Task Retries¶
Tasks can be configured to retry automatically when they fail or when they cannot run due to concurrency limits. Both behaviours are controlled by a RetryPolicy attached to the task via the @task decorator.
Retrying on failure¶
Use the retry parameter to re-queue a task after an execution error.
from fluid.scheduler import RetryPolicy, task, TaskRun
@task(retry=RetryPolicy(max_attempts=3, wait=2.0, backoff=2.0))
async def fetch_data(ctx: TaskRun) -> None:
"""Fetch data from an external API."""
response = await ctx.deps.http_client.get("https://api.example.com/data")
ctx.logger.info("fetched %d bytes", len(response))
If fetch_data raises, the TaskConsumer re-queues it with a delay and moves on.
With backoff=2.0 the wait times grow exponentially: 2s → 4s → 8s.
After 3 failed retries the TaskRun ends in the failure state.
Limiting which exceptions trigger a retry¶
By default all exceptions trigger a retry. Pass exceptions to be more selective:
@task(retry=RetryPolicy(max_attempts=5, wait=1.0, exceptions=(IOError, TimeoutError)))
async def fetch_data(ctx: TaskRun) -> None:
...
ValueError or other programming errors will not be retried and the task fails immediately.
Retrying when rate limited¶
When max_concurrency is set, a task that cannot start because the limit is already reached ends in the rate_limited state by default.

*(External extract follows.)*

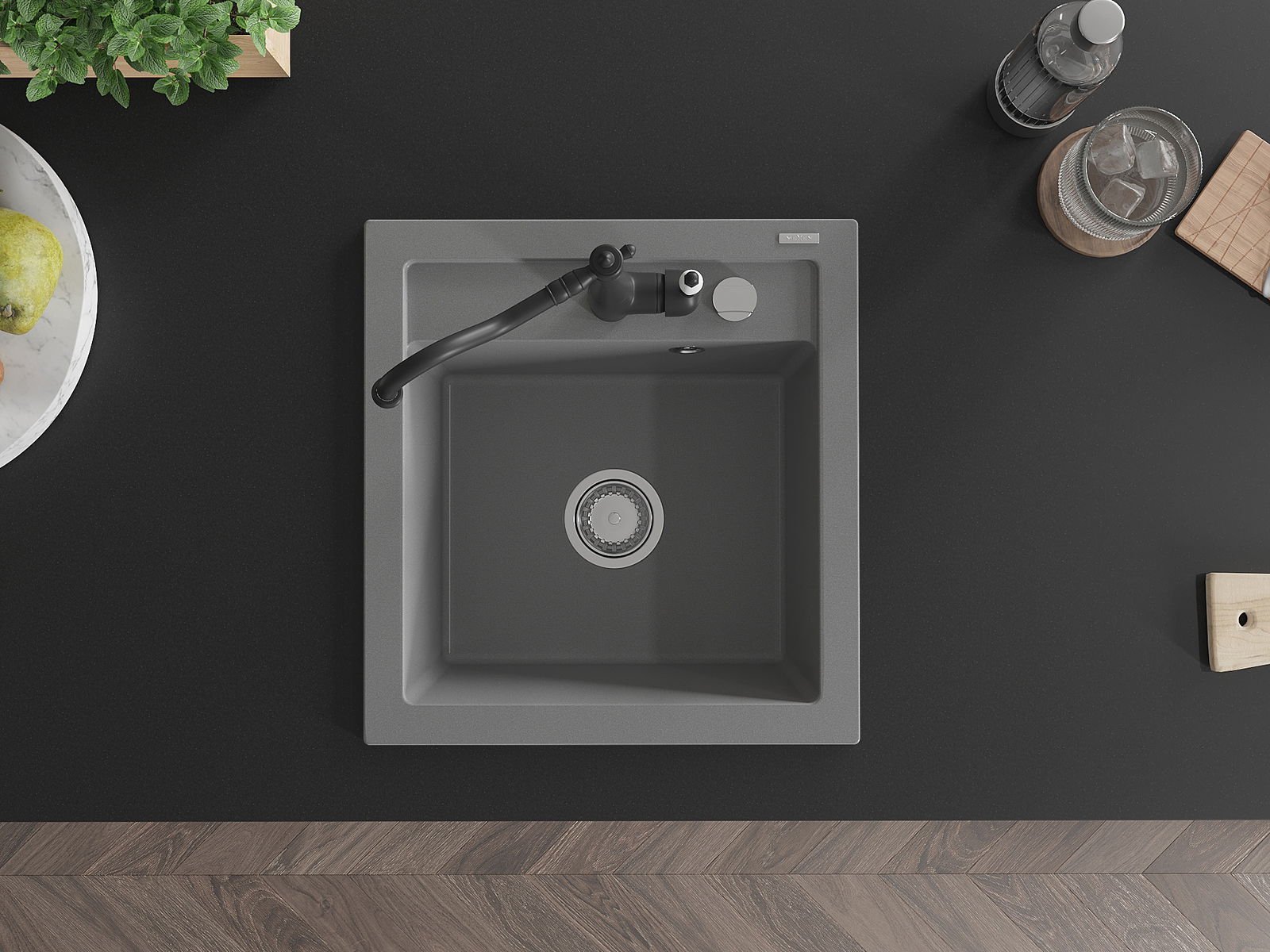 Mexen Vito кухненска мивка от гранит с 1 отделение и смесител Carla, сив - 6503-71-670700-70

Set rate_limit_retry to re-queue it instead:
@task(
max_concurrency=1,
rate_limit_retry=RetryPolicy(max_attempts=10, wait=5.0),
)
async def exclusive_job(ctx: TaskRun) -> None:
"""Only one instance of this task can run at a time."""
...
The task will be re-queued up to 10 times, waiting 5 seconds between each attempt. If the slot is still occupied after all attempts, the run ends in rate_limited.
Combining both policies¶
A task can have both policies simultaneously:
@task(
max_concurrency=2,
retry=RetryPolicy(max_attempts=3, wait=2.0, backoff=2.0, max_wait=30.0),
rate_limit_retry=RetryPolicy(max_attempts=5, wait=10.0),
)
async def resilient_task(ctx: TaskRun) -> None:
...
How retries work under the hood¶
Both retry paths use the same mechanism — no workers are blocked waiting:
- The TaskConsumer detects the failure or concurrency limit.

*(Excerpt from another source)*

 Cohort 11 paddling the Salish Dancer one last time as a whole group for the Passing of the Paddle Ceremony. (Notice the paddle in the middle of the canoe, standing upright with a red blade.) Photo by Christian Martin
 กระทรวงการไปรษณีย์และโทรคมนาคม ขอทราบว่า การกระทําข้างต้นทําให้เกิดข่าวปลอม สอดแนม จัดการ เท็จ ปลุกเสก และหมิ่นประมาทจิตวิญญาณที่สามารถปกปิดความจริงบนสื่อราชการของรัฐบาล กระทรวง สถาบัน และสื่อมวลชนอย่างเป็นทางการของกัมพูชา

- It creates a fresh copy of the TaskRun with
execute_afterset tonow + delay. - The copy is pushed back onto the Redis queue via the TaskBroker and the worker moves on immediately.
- When a worker dequeues the copy and
execute_afteris still in the future, it schedules re-queuing viacall_laterand returns — still without blocking. - Once the delay has elapsed the task enters the queue normally and is executed.